Entre os problemas identificados, estão inconsistências nos códigos hash (espécie de identificação única usada para garantir a autenticidade de arquivos) em laudos produzidos tanto por uma empresa contratada pela J&F quanto pelo Instituto de Criminalística de São Paulo. Essas divergências impediram a validação do material analisado.
O MPF também investigou uma possível invasão aos sistemas da empresa CTI NET Soluções em Conectividade e Informática, com sete investigados. Porém, outro ponto que comprometeu o caso foi a participação de representantes da própria J&F e de uma consultoria por ela indicada, a Ventura Enterprise Risk Management, durante intervenções da polícia.
Diante dessas fragilidades, o órgão concluiu que não há como prosseguir com o caso.

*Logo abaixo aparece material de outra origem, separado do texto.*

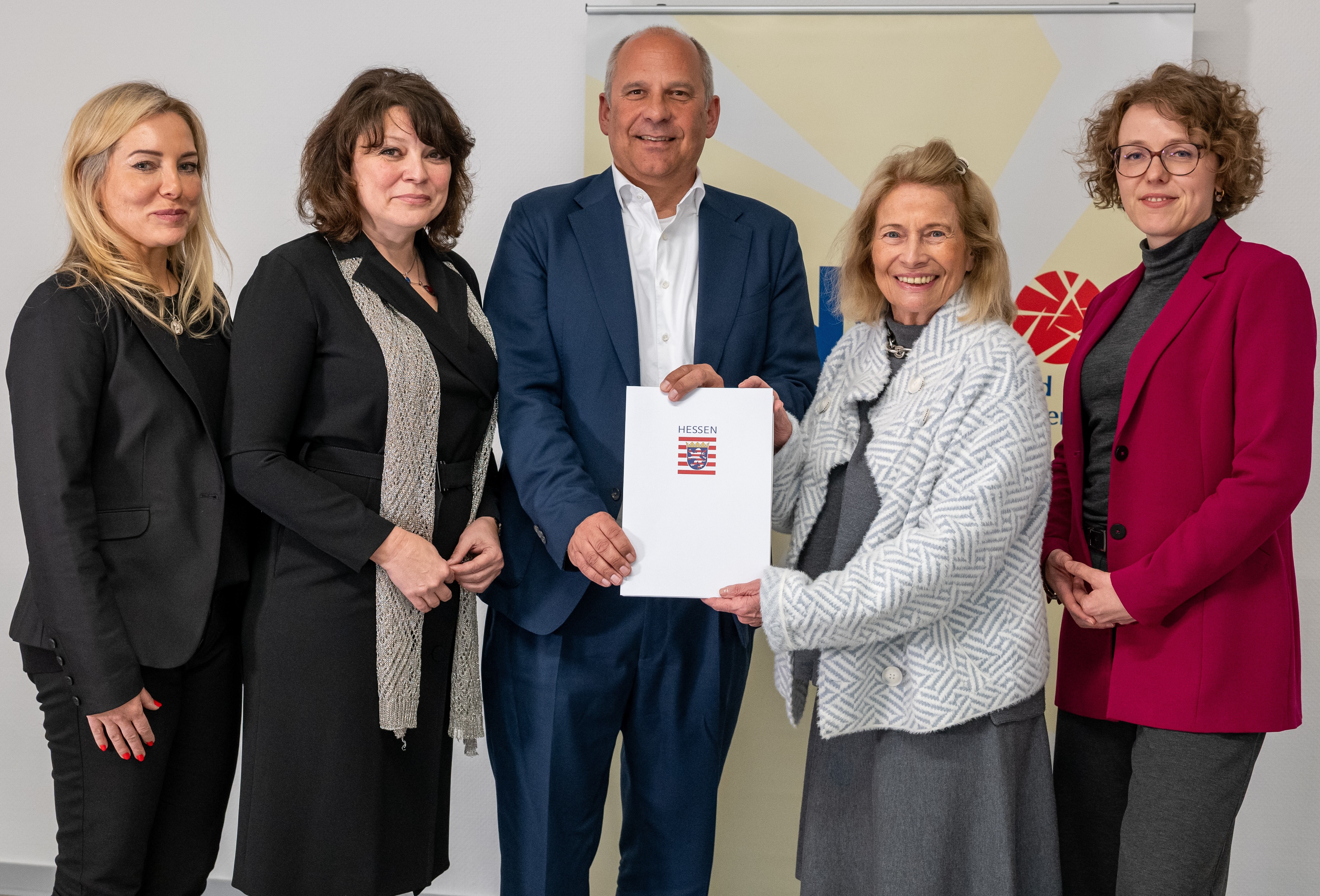 Innenminister Roman Poseck besuchte heute den Bund der Vertriebenen – Landesverband Hessen e.V. (BdV Hessen) in Wiesbaden und übergab in der Geschäftsstelle im Haus der Heimat einen Förderbescheid in Höhe von 150.000 Euro. Mit den Mitteln wird zum einen die Arbeit der einzelnen Landsmannschaften und Verbände gesichert: Der Landesverband Hessen leitet die Gelder nach einem festen Schlüssel direkt weiter, sodass diese ihre wichtige Arbeit fortsetzen können. Zum anderen unterstützen die Fördermittel die gemeinsame Geschäftsstelle, die seit Januar 2024 beim Landesverband angesiedelt ist. An dem Termin nahmen neben der stellvertretenden Landesvorsitzenden Rose-Lore Scholz auch weitere Vorstandsmitglieder und Mitarbeiter teil.

Em 2017, a J&F firmou acordo para vender uma fatia inicial de 49,41% da Eldorado à Paper Excellence, com previsão de transferência total posterior mediante cumprimento de cláusulas contratuais. As divergências começaram no ano seguinte, com acusações mútuas de descumprimento do acordo, o que levou a uma longa batalha judicial e arbitral.
Ao longo dos anos, o caso passou por diferentes instâncias e incluiu disputas no Brasil e no exterior, além de questionamentos sobre a legalidade da aquisição de terras por empresas estrangeiras. Em paralelo, surgiu a suspeita de acesso indevido a comunicações internas da J&F.
A confusão chegou ao fim apenas em maio de 2025, quando as partes firmaram um acordo definitivo: a J&F pagou US$ 2,64 bilhões para recomprar a participação que estava com a Paper Excellence, consolidando o controle integral da Eldorado.